Bring Your Own Codegen to Deep Learning Compiler
This addresses the problem for accelerator vendors by reducing development overhead, though it is incremental as it builds on existing compilers.
The paper tackles the challenge of developing and maintaining full compiler stacks for deep learning accelerators by proposing an open-source framework that allows vendors to reuse existing compiler components and focus on proprietary code generation, resulting in deployment in multiple commercial vendors' stacks with only a few thousand lines of code.
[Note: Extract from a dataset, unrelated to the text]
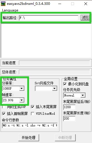 打开软件,先设置输出路径和任务属性,如果已经拖入字幕再改属性的话就不生效了。
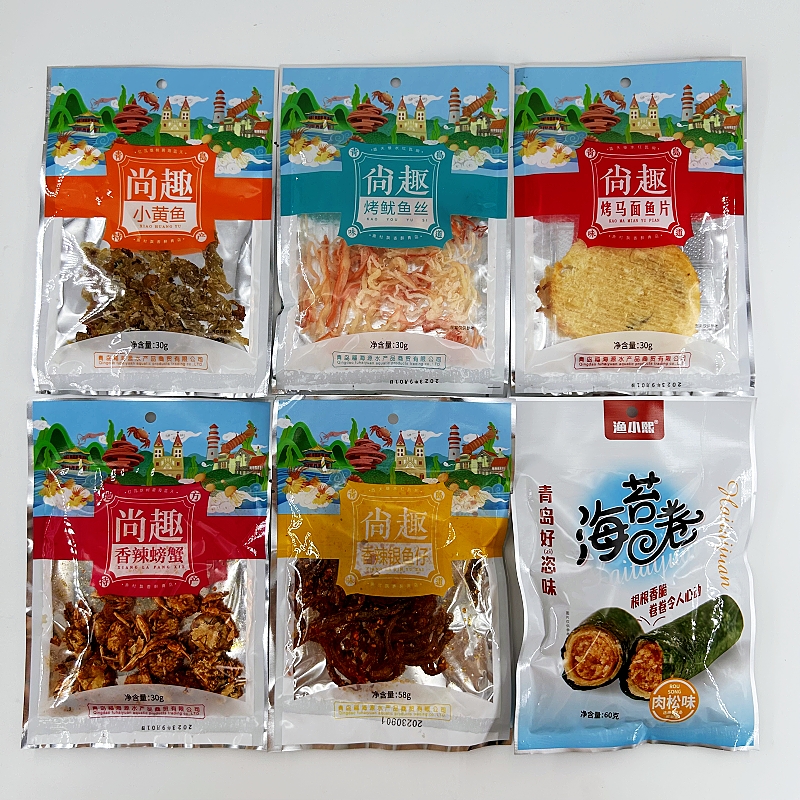 青岛特产尚趣全部开袋即食海鲜零食大礼包鱿鱼丝烤鱼片旅游伴手礼

Deep neural networks (DNNs) have been ubiquitously applied in many applications, and accelerators are emerged as an enabler to support the fast and efficient inference tasks of these applications. However, to achieve high model coverage with high performance, each accelerator vendor has to develop a full compiler stack to ingest, optimize, and execute the DNNs. This poses significant challenges in the development and maintenance of the software stack. In addition, the vendors have to contiguously update their hardware and/or software to cope with the rapid evolution of the DNN model architectures and operators. To address these issues, this paper proposes an open source framework that enables users to only concentrate on the development of their proprietary code generation tools by reusing as many as possible components in the existing deep learning compilers. Our framework provides users flexible and easy-to-use interfaces to partition their models into segments that can be executed on "the best" processors to take advantage of the powerful computation capability of accelerators. Our case study shows that our framework has been deployed in multiple commercial vendors' compiler stacks with only a few thousand lines of code.